A recent editorial, “Ears to hear” (T.N.M., Nov. 23-29/98), commented on Premier Glen Clark’s efforts to launch British Columbia into high-tech industries. This reminds me of the proposal put forward about 10 years ago by then-governor of Arizona Bruce Babbitt, now secretary of the interior.
Babbitt’s plan was to convert the cities of Phoenix and Tuscon into “high-tech” centres and the rest of the state into a de facto park to provide weekend recreation to these high-tech workers. No more mining, logging or ranching; just nice, green parks for the high-techies and vistas untouched by any person or industry.

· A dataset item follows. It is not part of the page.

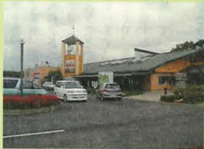
茨城県「ポケットファームどきどき」の外観

の大切さを、今回のイベントにも反映させていきたいですね。最近30・40代の農家も増えているので、そういう方々がまともに勝山の良さをたくさんの人たちに堪能してもらいたいです。シークワサーの花は、本当に香しいんです」 シークワサーの香りを勝山の山に登って楽しみ、帰りに山羊汁で温まる……。これまで知らなかった勝山の魅力が、これからどんどん広まっていきそうです。 ※平成18年度のグローバル・ベンチャースピリット人材育成事業では、東京、新潟、中国、台湾、フランスなどに12人の研修生を派遣しております。公社では、平成19年度も当事業を継続していく予定。お問い合わせは、(財)沖縄県産業振興公社産業振興課まで。 ☎098(859)6239 E-mail: info@okinawa-ric.or.jp

Mining in Arizona decreased while growth of the high-tech industry increased, but not exactly as imagined by Babbitt. What Arizona received was an increase in minimum-wage, assembly-line work, not the design engineering or entrepreneurial derring-do of Silicon Valley in California or Route 128 near Boston. What Babbitt, and I suspect Clark, overlooked is that the infrastructure required for a truly high-tech industry includes world-class research facilities — such as Stanford, Berkley, M.I.T. — and a local venture capital industry ready to back engineering innovations with high-risk equity investment. Both Arizona and British Columbia have quality universities, but has the government of either jurisdiction actually provided the resources that are needed to support first-class research?
What economic advice should the governor and premier receive? For starters, killing a high-wattage industry in favor of one comprising low-wage, assembly-line work is economic hara-kiri. All economic opportunities must be seized at flood tide, lest they evaporate before the eyes of our politicians.